What to do: Where the line with "生徒たちは音楽のリズムに合わ" appears below, start writing out lines exactly, and finish with the line with "Our bot network", which is included; write out nothing else.

◇ ◇ ◇

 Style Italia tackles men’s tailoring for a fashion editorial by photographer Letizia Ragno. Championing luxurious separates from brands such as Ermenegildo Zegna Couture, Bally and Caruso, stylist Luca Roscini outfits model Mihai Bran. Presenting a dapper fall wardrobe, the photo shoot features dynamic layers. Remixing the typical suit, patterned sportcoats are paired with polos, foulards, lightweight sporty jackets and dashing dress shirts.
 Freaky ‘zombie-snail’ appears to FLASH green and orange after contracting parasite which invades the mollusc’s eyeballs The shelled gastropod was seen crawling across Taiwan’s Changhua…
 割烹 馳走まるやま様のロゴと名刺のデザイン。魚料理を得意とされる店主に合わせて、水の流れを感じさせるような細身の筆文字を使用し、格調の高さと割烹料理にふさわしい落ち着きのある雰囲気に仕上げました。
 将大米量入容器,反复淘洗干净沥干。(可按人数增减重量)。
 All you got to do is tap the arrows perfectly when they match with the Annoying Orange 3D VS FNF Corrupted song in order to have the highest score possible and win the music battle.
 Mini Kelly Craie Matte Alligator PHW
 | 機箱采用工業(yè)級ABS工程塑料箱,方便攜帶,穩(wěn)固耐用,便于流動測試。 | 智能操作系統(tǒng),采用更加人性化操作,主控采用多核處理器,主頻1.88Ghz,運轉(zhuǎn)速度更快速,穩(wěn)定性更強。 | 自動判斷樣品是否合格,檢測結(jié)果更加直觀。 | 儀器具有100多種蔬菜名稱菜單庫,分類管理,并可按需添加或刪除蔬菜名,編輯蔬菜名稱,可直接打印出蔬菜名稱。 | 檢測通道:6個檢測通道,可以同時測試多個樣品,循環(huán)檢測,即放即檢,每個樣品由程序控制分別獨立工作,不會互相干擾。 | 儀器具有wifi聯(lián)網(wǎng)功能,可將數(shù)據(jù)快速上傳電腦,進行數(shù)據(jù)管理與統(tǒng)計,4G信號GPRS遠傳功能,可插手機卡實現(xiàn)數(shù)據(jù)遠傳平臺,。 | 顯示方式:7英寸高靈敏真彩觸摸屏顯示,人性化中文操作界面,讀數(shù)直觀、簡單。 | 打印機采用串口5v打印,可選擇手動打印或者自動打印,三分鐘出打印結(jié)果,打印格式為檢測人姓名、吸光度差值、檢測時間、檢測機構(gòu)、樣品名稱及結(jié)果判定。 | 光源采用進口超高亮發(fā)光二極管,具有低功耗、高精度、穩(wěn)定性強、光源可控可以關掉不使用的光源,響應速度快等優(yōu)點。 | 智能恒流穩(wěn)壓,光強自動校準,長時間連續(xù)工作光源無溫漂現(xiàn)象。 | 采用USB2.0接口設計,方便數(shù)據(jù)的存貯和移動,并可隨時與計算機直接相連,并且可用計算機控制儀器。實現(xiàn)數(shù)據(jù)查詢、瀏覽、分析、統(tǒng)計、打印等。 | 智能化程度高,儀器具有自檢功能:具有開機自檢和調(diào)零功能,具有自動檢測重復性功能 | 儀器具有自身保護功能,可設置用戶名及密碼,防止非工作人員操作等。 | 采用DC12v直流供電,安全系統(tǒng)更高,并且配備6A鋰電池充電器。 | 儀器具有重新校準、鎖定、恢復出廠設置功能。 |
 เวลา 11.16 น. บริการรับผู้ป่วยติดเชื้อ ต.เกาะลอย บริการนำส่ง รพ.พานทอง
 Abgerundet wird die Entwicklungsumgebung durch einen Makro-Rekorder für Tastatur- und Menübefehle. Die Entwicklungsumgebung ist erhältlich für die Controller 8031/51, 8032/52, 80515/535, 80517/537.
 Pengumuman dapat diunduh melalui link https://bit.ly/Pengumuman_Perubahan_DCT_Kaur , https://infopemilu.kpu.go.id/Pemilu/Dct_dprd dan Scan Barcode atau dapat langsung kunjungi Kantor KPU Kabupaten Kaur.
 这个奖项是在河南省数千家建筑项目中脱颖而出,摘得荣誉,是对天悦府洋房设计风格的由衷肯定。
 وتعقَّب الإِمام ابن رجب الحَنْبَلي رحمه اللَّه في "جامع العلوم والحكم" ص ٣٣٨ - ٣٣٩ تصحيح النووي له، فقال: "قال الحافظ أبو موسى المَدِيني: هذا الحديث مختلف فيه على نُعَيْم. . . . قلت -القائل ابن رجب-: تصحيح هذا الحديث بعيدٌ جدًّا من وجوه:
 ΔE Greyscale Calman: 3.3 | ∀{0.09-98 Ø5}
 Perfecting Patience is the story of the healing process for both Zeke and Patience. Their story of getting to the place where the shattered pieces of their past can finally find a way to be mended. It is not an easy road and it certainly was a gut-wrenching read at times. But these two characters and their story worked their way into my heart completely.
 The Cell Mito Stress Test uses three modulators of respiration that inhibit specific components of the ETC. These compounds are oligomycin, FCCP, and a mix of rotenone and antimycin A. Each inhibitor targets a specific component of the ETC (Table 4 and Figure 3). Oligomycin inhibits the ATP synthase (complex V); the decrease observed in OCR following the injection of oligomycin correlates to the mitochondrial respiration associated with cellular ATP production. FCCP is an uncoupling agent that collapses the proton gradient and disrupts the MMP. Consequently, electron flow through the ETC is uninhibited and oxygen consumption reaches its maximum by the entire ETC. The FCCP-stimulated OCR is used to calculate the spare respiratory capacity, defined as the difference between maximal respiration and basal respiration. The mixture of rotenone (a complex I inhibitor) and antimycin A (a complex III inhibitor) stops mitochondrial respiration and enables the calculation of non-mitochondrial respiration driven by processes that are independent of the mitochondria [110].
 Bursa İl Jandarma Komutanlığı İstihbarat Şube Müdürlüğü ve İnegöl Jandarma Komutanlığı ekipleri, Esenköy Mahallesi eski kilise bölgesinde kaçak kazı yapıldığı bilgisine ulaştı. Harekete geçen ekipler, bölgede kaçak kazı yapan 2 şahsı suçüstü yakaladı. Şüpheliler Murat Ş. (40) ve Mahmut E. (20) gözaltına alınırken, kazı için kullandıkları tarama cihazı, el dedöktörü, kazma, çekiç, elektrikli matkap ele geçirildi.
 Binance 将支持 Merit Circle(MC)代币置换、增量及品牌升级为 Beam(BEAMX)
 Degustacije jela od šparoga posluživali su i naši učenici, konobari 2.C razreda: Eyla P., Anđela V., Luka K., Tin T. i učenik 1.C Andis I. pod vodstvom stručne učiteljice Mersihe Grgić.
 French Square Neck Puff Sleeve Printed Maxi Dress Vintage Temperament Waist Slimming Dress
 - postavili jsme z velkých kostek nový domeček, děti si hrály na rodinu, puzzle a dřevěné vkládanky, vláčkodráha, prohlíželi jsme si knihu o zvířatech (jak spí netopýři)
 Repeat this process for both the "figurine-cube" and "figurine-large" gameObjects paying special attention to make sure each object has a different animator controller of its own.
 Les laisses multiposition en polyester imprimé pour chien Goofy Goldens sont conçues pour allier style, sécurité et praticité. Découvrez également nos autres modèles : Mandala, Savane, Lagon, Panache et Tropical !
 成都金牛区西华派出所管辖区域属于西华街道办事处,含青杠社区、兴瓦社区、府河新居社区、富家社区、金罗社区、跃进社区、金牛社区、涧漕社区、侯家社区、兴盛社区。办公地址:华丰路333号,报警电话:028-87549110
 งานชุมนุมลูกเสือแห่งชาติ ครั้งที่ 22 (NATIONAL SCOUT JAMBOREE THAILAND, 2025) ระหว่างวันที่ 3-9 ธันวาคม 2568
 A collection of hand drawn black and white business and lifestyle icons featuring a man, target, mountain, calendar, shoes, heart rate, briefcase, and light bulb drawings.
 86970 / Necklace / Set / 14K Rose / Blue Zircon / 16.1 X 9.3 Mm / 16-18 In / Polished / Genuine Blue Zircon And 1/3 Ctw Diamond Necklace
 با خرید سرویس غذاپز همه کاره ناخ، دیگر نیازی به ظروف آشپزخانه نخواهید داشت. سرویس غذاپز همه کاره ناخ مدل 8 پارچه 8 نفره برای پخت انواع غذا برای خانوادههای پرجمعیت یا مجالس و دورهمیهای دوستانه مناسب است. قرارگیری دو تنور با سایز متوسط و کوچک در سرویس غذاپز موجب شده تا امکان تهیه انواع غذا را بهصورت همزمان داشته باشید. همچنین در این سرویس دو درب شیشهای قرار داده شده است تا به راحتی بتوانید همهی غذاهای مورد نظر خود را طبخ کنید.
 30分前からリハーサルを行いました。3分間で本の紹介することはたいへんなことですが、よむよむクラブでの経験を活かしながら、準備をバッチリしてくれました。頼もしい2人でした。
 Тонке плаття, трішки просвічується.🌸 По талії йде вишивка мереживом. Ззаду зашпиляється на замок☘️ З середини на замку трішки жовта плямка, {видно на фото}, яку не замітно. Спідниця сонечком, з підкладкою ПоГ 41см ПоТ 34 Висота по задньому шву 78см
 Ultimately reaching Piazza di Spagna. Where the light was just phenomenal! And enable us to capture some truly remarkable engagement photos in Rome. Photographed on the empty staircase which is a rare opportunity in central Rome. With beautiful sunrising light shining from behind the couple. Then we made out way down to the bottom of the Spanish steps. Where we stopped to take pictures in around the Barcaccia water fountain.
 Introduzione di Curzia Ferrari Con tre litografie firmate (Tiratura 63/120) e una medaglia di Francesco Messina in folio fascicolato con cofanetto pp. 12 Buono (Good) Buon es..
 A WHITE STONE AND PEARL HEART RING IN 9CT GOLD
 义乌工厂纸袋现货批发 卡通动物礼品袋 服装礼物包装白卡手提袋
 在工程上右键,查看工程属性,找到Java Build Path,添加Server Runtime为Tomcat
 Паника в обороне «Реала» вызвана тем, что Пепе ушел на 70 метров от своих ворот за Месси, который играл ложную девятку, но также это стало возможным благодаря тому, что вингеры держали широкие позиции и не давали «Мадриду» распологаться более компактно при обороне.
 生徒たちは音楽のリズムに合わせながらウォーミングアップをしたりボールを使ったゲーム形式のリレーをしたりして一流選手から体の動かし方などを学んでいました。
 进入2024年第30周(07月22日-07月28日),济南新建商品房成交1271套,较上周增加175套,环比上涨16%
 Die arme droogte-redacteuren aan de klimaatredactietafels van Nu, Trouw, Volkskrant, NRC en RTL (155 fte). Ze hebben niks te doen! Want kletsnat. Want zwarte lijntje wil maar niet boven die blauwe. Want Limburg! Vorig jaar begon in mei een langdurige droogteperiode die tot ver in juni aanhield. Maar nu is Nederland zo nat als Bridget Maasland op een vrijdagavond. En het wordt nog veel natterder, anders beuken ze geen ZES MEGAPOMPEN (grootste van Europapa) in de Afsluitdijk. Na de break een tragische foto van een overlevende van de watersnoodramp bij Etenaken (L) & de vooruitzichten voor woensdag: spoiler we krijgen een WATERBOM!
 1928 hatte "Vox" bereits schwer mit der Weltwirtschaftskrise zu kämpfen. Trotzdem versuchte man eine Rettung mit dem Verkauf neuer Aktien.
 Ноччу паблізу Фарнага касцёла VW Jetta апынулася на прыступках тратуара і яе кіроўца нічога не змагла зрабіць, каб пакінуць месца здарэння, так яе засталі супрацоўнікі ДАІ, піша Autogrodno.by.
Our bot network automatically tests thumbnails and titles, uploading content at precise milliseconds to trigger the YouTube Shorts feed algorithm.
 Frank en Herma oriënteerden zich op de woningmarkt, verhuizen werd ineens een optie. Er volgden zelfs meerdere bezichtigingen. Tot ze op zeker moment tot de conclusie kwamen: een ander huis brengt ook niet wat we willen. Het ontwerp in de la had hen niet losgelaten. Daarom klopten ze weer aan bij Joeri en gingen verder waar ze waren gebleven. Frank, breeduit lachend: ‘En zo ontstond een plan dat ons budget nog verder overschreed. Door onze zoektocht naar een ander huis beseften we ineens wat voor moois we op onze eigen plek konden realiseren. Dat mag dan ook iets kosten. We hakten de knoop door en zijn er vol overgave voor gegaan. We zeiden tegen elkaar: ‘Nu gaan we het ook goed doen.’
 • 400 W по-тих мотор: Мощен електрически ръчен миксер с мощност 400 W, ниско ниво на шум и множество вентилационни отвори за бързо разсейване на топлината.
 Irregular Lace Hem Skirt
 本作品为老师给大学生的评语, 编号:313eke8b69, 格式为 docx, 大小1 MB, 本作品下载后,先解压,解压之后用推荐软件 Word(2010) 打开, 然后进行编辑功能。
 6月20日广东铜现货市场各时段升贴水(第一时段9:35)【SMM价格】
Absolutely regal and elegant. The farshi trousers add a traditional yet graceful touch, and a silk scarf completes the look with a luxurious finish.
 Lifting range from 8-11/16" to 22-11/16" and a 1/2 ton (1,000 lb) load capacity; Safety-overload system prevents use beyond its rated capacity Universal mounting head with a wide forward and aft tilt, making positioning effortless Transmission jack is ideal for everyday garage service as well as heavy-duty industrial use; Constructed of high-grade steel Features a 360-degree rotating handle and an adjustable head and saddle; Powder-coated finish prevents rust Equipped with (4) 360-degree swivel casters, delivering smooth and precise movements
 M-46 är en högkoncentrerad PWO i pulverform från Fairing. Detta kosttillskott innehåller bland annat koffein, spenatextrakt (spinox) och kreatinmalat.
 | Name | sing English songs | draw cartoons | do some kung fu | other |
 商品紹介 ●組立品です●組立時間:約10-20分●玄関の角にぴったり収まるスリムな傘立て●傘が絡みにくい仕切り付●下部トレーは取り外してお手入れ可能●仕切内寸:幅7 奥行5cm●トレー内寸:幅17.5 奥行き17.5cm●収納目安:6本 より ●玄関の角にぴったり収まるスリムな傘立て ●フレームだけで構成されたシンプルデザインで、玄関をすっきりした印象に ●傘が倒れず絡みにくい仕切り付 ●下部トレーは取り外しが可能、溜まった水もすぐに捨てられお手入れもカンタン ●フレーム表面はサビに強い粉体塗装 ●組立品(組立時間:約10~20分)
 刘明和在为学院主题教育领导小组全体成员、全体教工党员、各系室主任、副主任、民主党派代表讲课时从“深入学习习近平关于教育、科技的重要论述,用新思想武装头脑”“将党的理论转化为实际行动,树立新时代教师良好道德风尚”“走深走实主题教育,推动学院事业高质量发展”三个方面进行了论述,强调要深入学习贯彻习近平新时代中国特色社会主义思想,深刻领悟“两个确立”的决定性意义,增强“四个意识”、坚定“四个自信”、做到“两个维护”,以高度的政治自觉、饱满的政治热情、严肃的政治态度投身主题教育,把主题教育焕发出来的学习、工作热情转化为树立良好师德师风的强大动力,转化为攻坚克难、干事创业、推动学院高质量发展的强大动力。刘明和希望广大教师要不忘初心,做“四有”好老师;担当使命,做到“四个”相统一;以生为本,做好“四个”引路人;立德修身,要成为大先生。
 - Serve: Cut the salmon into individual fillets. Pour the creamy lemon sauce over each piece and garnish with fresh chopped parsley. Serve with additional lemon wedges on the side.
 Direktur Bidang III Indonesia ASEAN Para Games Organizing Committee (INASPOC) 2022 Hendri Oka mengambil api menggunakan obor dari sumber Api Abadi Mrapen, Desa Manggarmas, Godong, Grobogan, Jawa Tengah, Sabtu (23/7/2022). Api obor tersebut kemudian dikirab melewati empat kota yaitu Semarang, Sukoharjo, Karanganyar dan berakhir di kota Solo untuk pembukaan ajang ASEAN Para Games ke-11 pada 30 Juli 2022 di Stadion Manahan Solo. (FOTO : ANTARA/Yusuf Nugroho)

◇ ◇ ◇

Task output:
 生徒たちは音楽のリズムに合わせながらウォーミングアップをしたりボールを使ったゲーム形式のリレーをしたりして一流選手から体の動かし方などを学んでいました。
 进入2024年第30周(07月22日-07月28日),济南新建商品房成交1271套,较上周增加175套,环比上涨16%
 Die arme droogte-redacteuren aan de klimaatredactietafels van Nu, Trouw, Volkskrant, NRC en RTL (155 fte). Ze hebben niks te doen! Want kletsnat. Want zwarte lijntje wil maar niet boven die blauwe. Want Limburg! Vorig jaar begon in mei een langdurige droogteperiode die tot ver in juni aanhield. Maar nu is Nederland zo nat als Bridget Maasland op een vrijdagavond. En het wordt nog veel natterder, anders beuken ze geen ZES MEGAPOMPEN (grootste van Europapa) in de Afsluitdijk. Na de break een tragische foto van een overlevende van de watersnoodramp bij Etenaken (L) & de vooruitzichten voor woensdag: spoiler we krijgen een WATERBOM!
 1928 hatte "Vox" bereits schwer mit der Weltwirtschaftskrise zu kämpfen. Trotzdem versuchte man eine Rettung mit dem Verkauf neuer Aktien.
 Ноччу паблізу Фарнага касцёла VW Jetta апынулася на прыступках тратуара і яе кіроўца нічога не змагла зрабіць, каб пакінуць месца здарэння, так яе засталі супрацоўнікі ДАІ, піша Autogrodno.by.
Our bot network automatically tests thumbnails and titles, uploading content at precise milliseconds to trigger the YouTube Shorts feed algorithm.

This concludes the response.